This allowed me to identify the docker socket, which I was able to verify with the following commands:

ls -l /var/run/docker.sock 
ls -l /run/docker.sock

The docker socket being mounted means that the container has direct access to the host’s docker daemon. A daemon is a program that runs in the background and provides services to other programs. In the case of Docker, this daemon is called dockerd: it drives the entire Docker engine, managing the creation and deletion of containers, and the management of images, volumes and networks.
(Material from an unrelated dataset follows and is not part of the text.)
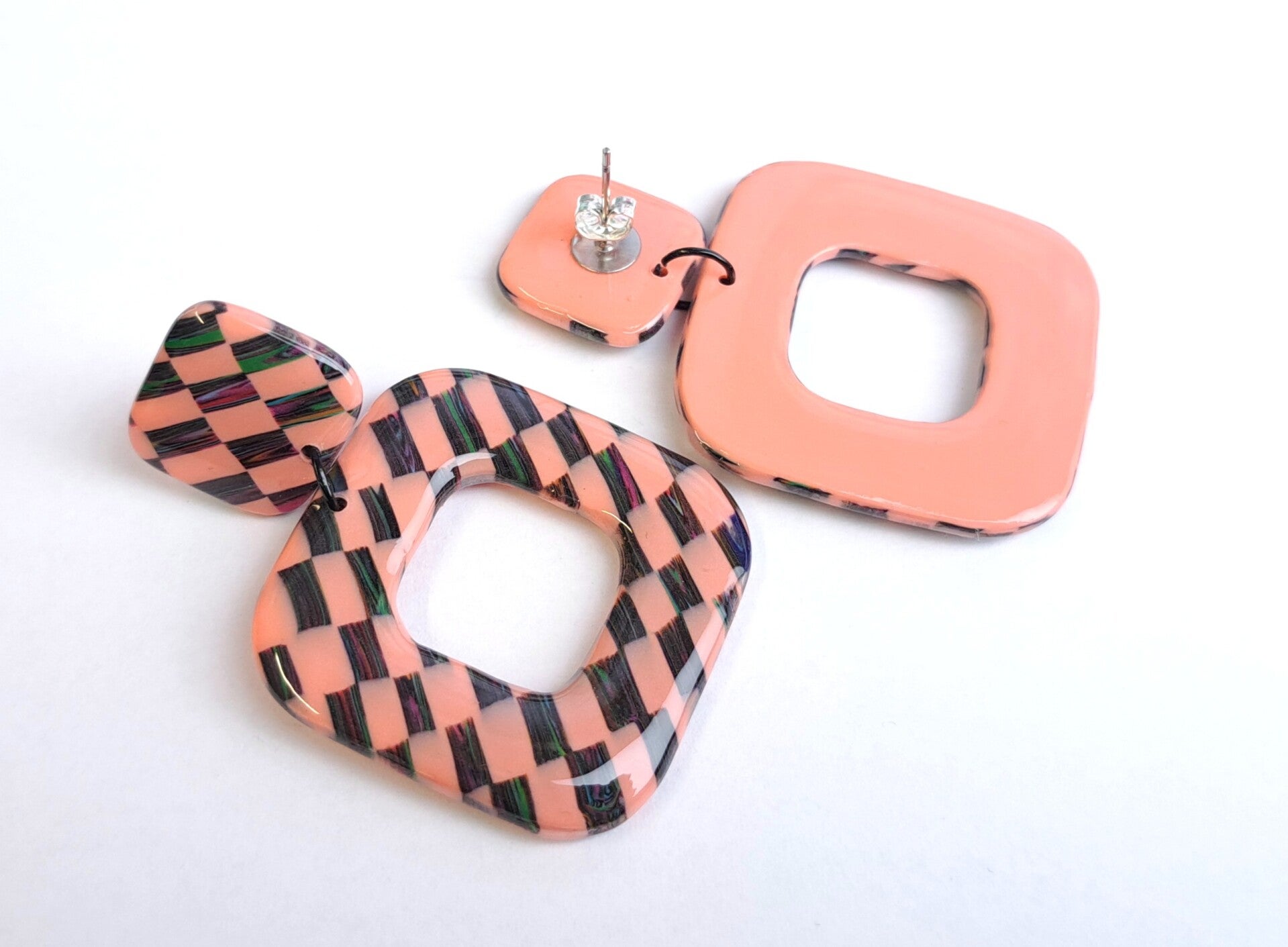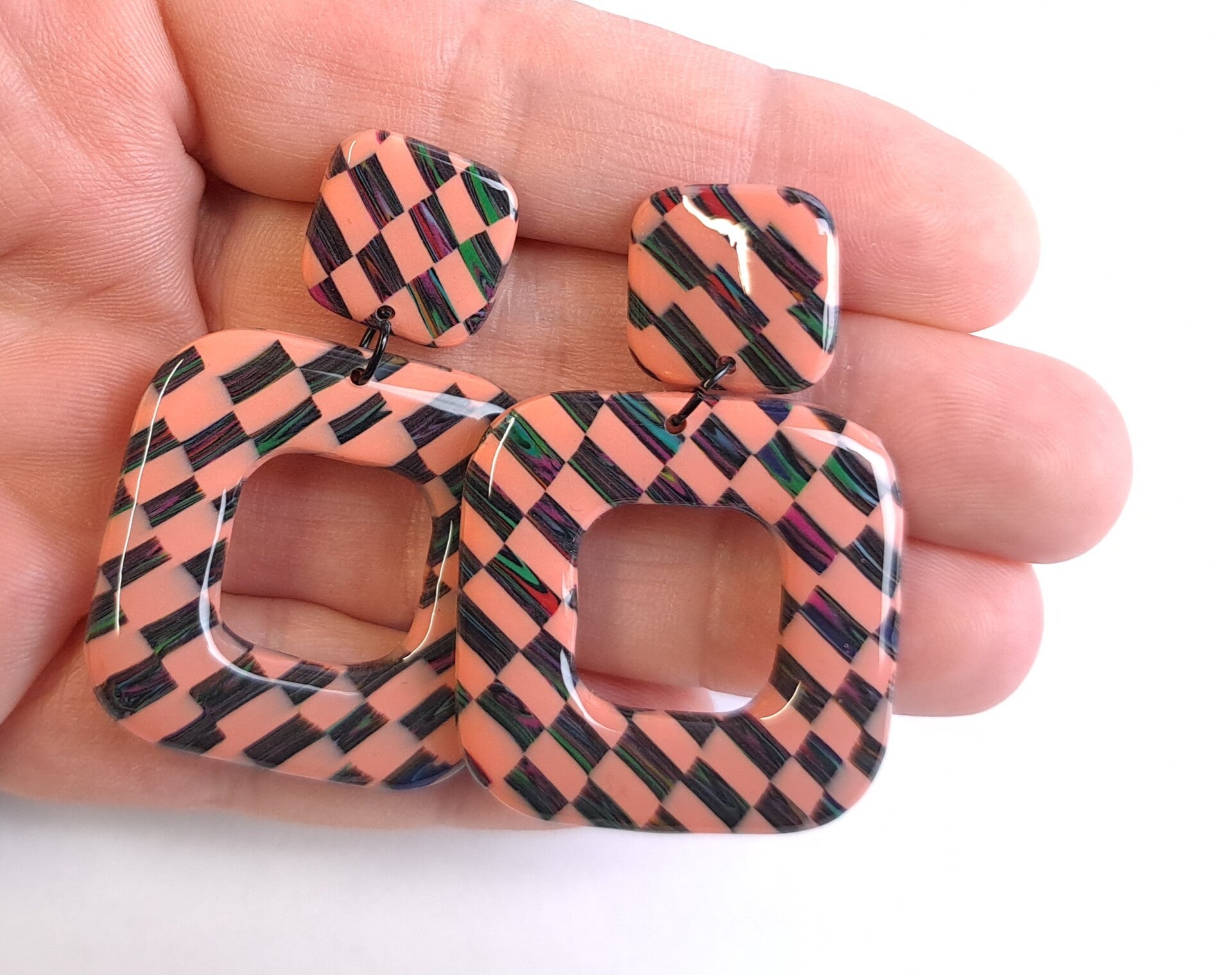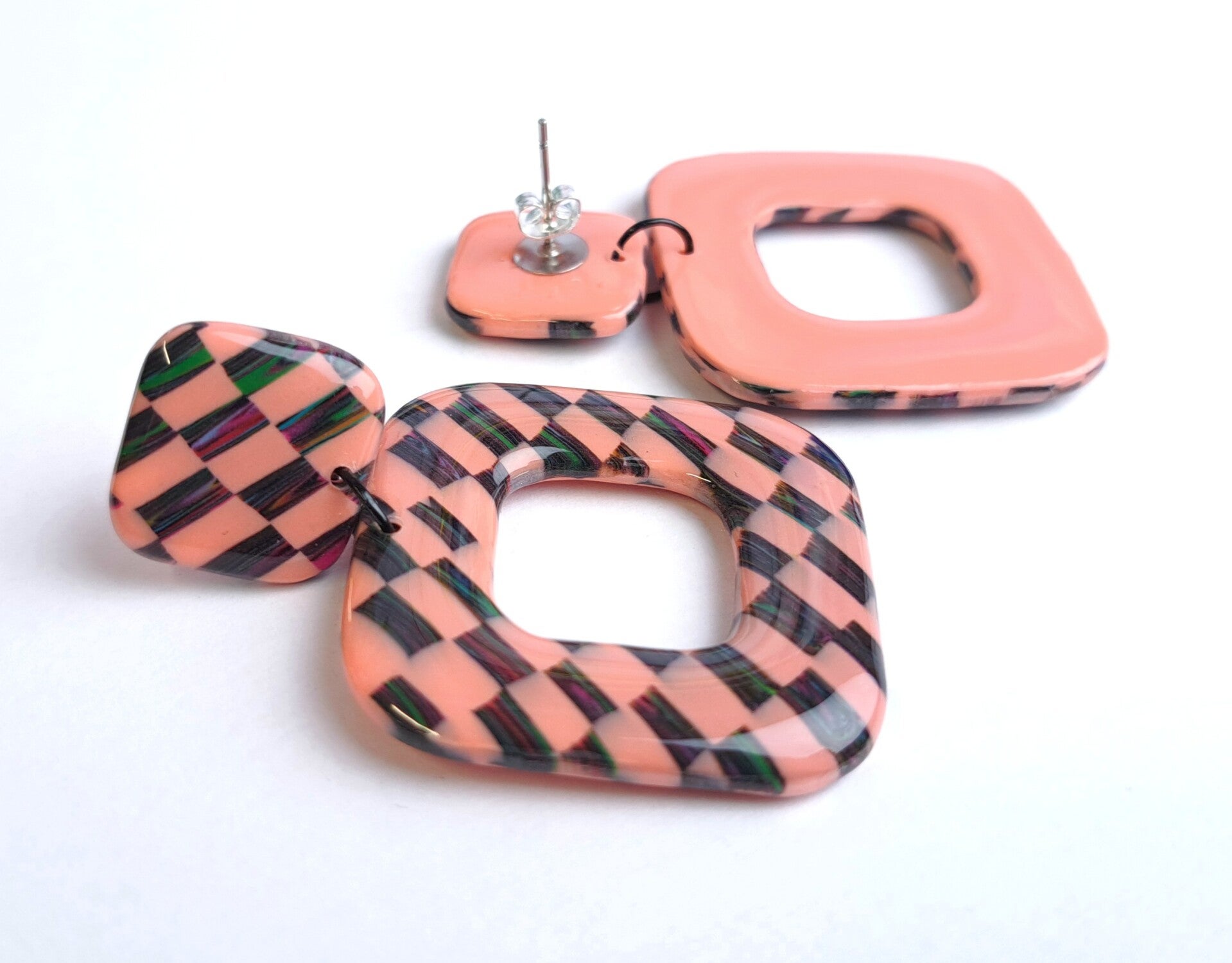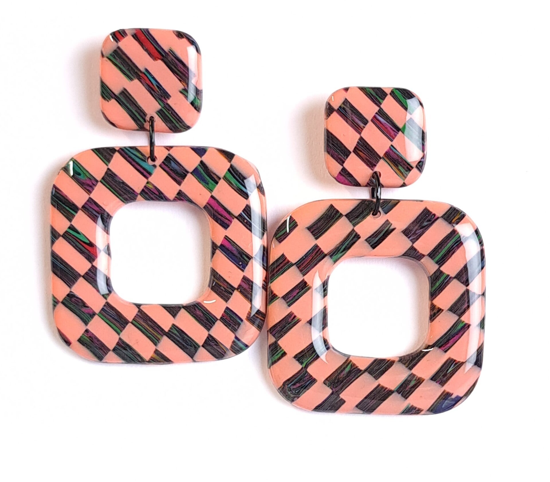 Funky blocks vierkant oorbellen

The docker.sock file is the communication interface between programs and this daemon. It enables commands to be sent directly to dockerd. Normally, this access is reserved for administrators or authorized users (e.g. those in the docker group).

However, if this socket is mounted in a container, a container administrator can dialogue with the daemon (thanks to mapping between host and container users) and execute actions as if he were an administrator on the host. This allows, for example, to launch a new container in privileged mode, mount the host machine’s file system or directly execute local commands.

For example, docker.sock can be used to exit the docker container and interact with the host.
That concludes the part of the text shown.